The covariance fraction (CF) is a measure of importance of each mode. It is calculated as the singular values divided by the sum of all singluar values.
- Parameters
n (int, optional) – Number of modes to return. The default is all.
- Returns
Fraction of described covariance of each mode.
- Return type
ndarray
- fields(original_scale=False)¶
Return left (and right) input field.
- Parameters
original_scale (boolean, optional) – If True, decenter and denormalize (if normalized) the input fields to obtain the original unit scale. Default is False.
- Returns
Fields associated to left and right input field.
- Return type
dict[ndarray, ndarray]
- load_analysis(path, fields=None, eofs=None, singular_values=None)¶
Load a model.
This method allows to load a models which was saved by .save_analysis().
- Parameters
path (str) – Location of the .info file created by .save_analysis().
fields (ndarray) – The original input fields.
eofs (ndarray) – The obtained EOFs.
singular_values (ndarray) – The obtained singular values.
- norm(n=None, sorted=True)¶
Return L2 norm of first n loaded singular vectors.
- Parameters
n (int, optional) – Number of modes to return. The default will return all modes.
- Returns
L2 norm associated to each mode and vector.
- Return type
dict[str, ndarray]
- normalize()¶
Normalize each time series by its standard deviation.
- pcs(n=None, scaling='None', phase_shift=0, rotated=True)¶
Return the first n PCs.
Depending on the model the PCs may be real or complex, rotated or unrotated. Depending on the rotation type (Varimax/Proxmax), the PCs may be correlated.
- Parameters
n (int, optional) – Number of PCs to be returned. By default return all.
scaling ({'None', 'eigen', 'max', 'std'}, optional) – Scale PCs by square root of eigenvalues (‘eigen’), maximum value (‘max’) or standard deviation (‘std’).
phase_shift (float, optional) – If complex, apply a phase shift to the PCs. Default is 0.
rotated (boolean, optional) – When rotation was performed, True returns the rotated PCs while False returns the unrotated (original) PCs. Default is True.
- Returns
PCs associated to left and right input field.
- Return type
dict[ndarray, ndarray]
- plot(mode, threshold=0, phase_shift=0, cmap_eof=None, cmap_phase=None, figsize=(8.3, 5.0))¶
Plot results for mode.
- Parameters
mode (int, optional) – Mode to plot. The default is 1.

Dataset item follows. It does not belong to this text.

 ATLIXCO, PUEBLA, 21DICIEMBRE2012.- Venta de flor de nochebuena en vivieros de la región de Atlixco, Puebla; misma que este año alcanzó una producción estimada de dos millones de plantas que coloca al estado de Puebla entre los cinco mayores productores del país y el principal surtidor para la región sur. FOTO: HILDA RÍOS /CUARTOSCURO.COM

threshold (int, optional) – Amplitude threshold below which the fields are masked out. The default is 0.
phase_shift (float, optional) – If complex, apply a phase shift to the shown results. Default is 0.
cmap_eof (str or Colormap) – The colormap used to map the spatial patterns. The default is ‘Blues’.

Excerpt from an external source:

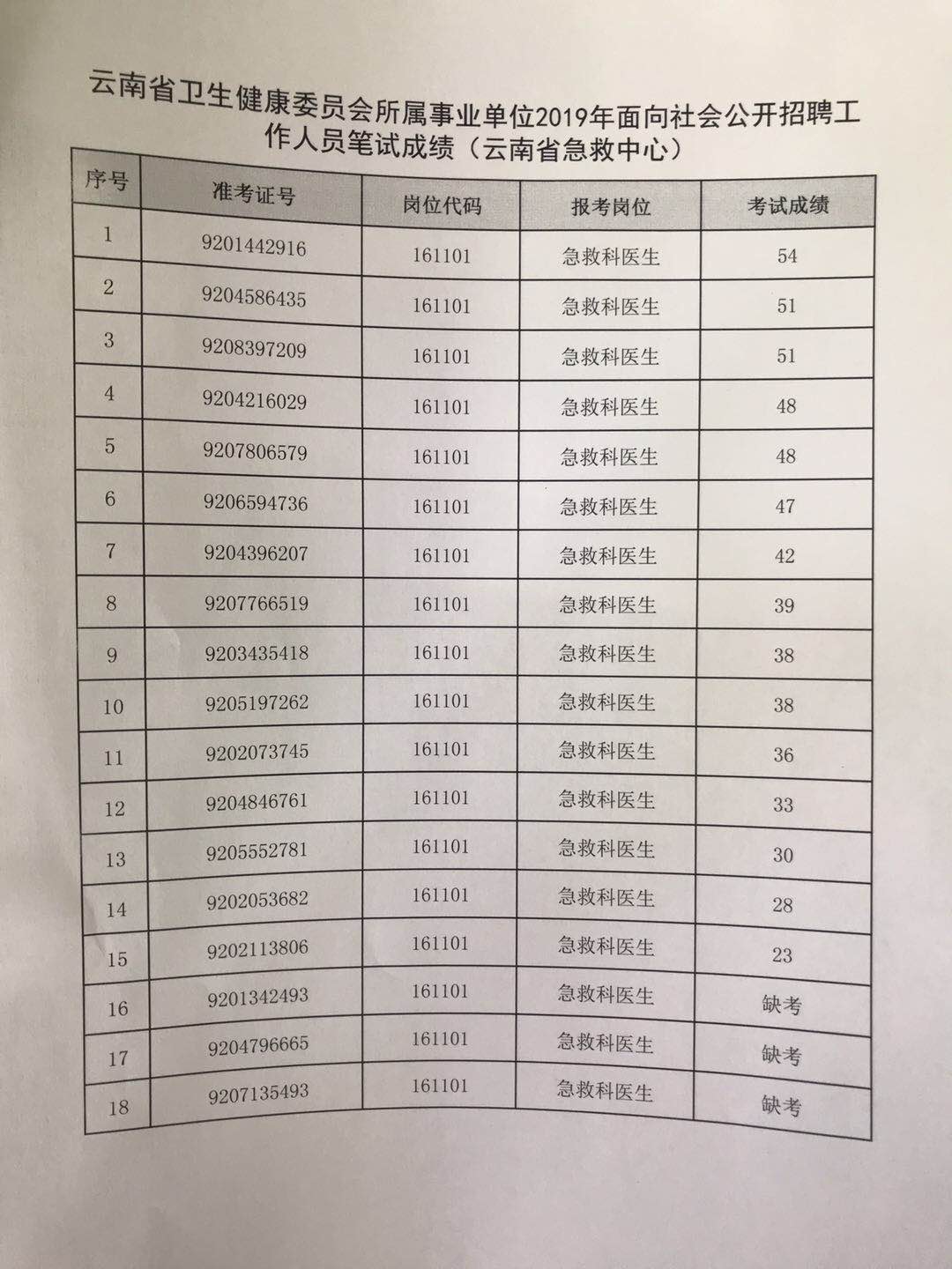 云南省卫生健康委员会所属事业单位 2019年面向社会公开招聘工作人员笔试成绩(云南省急救中心)

cmap_phase (str or Colormap) – The colormap used to map the spatial phase function. The default is ‘twilight’.
figsize (tuple) – Figure size provided to plt.figure().
- predict(left=None, right=None, n=None, scaling='None', phase_shift=0)¶
Predict PCs of new data.
left and right are projected on the left and right singular vectors. If rotation was performed, the predicted PCs will be rotated as well.
- Parameters
left (ndarray) – Description of parameter left.

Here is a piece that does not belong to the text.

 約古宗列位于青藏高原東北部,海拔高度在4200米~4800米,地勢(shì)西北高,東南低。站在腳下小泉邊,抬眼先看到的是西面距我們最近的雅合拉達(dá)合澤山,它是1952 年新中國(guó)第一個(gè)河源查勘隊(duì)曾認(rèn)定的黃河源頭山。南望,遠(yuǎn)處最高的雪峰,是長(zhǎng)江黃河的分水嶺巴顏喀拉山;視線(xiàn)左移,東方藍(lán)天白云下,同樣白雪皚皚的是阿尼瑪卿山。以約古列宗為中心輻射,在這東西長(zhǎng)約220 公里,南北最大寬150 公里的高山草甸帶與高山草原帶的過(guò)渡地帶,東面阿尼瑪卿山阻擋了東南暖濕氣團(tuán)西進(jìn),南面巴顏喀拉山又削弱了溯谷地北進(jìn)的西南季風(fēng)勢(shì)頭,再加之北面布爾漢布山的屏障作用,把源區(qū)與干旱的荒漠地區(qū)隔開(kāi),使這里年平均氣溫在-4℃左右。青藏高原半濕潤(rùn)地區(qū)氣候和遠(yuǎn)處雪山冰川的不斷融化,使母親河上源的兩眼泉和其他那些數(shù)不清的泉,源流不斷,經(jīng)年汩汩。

right (ndarray) – Description of parameter right.
n (int) – Number of PC modes to return. If None, return all modes. The default is None.
scaling ({'None', 'eigen', 'max', 'std'}, optional) – Scale PCs by square root of eigenvalues (‘eigen’), maximum value (‘max’) or standard deviation (‘std’).
phase_shift (float, optional) – If complex, apply a phase shift to the temporal phase. Default is 0.
- Returns
Predicted PCs associated to left and right input field.
- Return type
dict[ndarray, ndarray]
- rotate(n_rot, power=1, tol=1e-08)¶
Perform Promax rotation on the first n EOFs.
Promax rotation (Hendrickson & White 1964) is an oblique rotation which seeks to find simple structures in the EOFs. It transforms the EOFs via an orthogonal Varimax rotation (Kaiser 1958) followed by the Promax equation. If power=1, Promax reduces to Varimax rotation. In general, a Promax transformation breaks the orthogonality of EOFs and introduces some correlation between PCs.
- Parameters
n_rot (int) – Number of EOFs to rotate. For values below 2, nothing is done.
power (int, optional) – Power of Promax rotation. The default is 1 (= Varimax).
tol (float, optional) – Tolerance of rotation process. The default is 1e-5.
- Raises
ValueError – If number of rotations are <2.
- Returns
- Return type
None.
- rotation_matrix(inverse_transpose=False)¶
Return the rotation matrix used for rotation.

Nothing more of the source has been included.